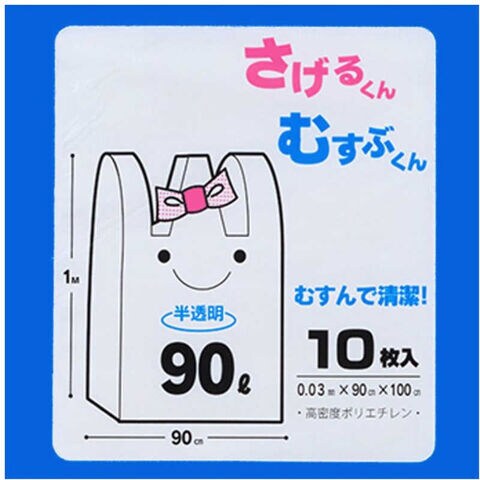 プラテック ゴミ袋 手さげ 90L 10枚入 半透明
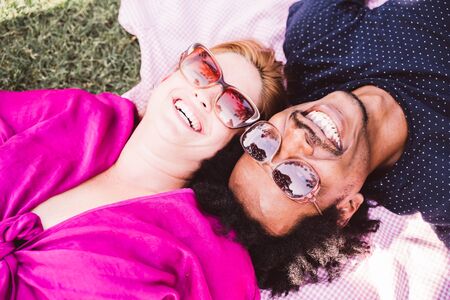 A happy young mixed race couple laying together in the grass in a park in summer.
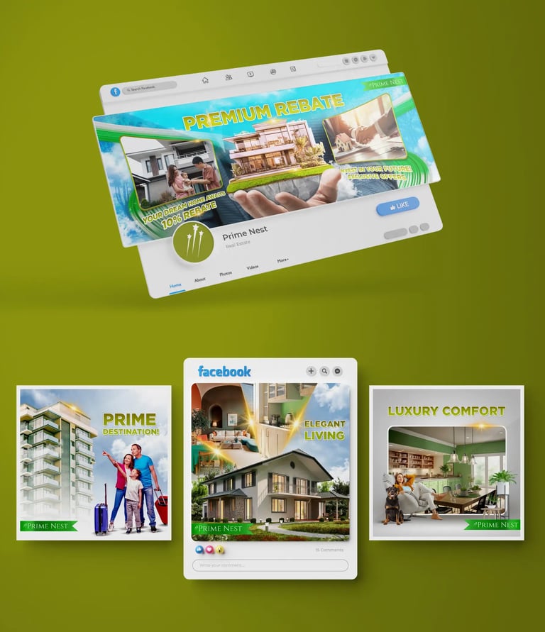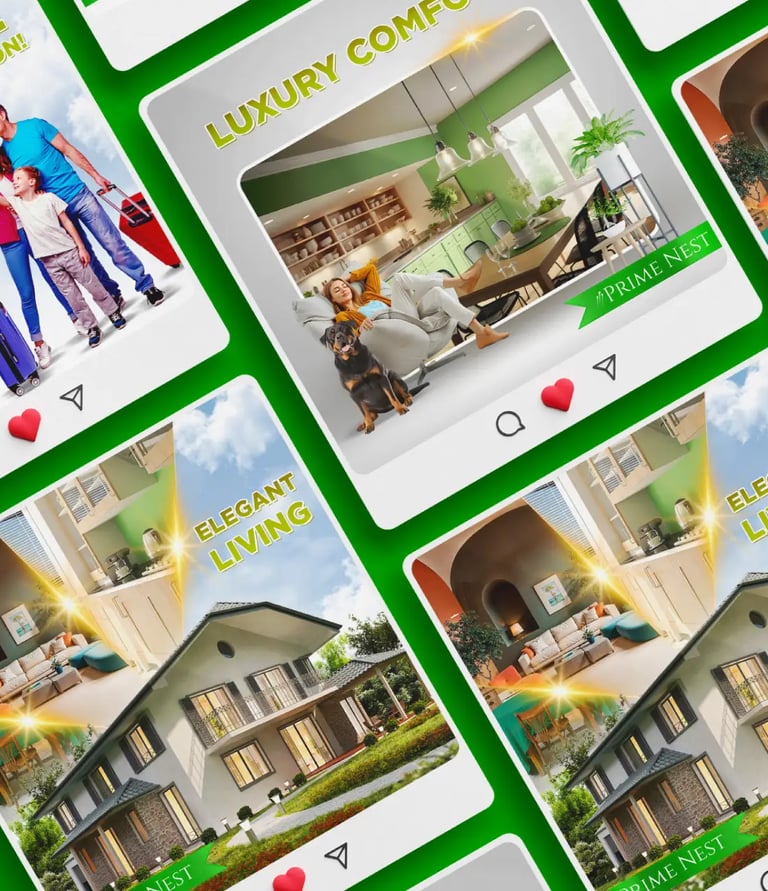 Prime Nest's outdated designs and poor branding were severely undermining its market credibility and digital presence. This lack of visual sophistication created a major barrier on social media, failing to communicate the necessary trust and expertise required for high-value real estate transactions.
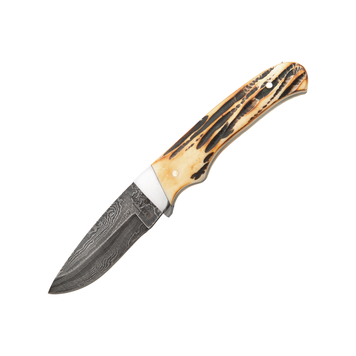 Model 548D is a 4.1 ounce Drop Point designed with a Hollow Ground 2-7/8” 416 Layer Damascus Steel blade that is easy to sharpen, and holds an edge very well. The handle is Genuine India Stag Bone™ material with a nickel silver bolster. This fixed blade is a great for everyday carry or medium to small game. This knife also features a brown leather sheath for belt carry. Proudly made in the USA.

━━━━━━━━━━━━━━━━━━━━

Instructions to follow
Reproduce the whole listing above word for word, dropping each image.

Result for this exercise
 プラテック ゴミ袋 手さげ 90L 10枚入 半透明
 A happy young mixed race couple laying together in the grass in a park in summer.
 Prime Nest's outdated designs and poor branding were severely undermining its market credibility and digital presence. This lack of visual sophistication created a major barrier on social media, failing to communicate the necessary trust and expertise required for high-value real estate transactions.
 Model 548D is a 4.1 ounce Drop Point designed with a Hollow Ground 2-7/8” 416 Layer Damascus Steel blade that is easy to sharpen, and holds an edge very well. The handle is Genuine India Stag Bone™ material with a nickel silver bolster. This fixed blade is a great for everyday carry or medium to small game. This knife also features a brown leather sheath for belt carry. Proudly made in the USA.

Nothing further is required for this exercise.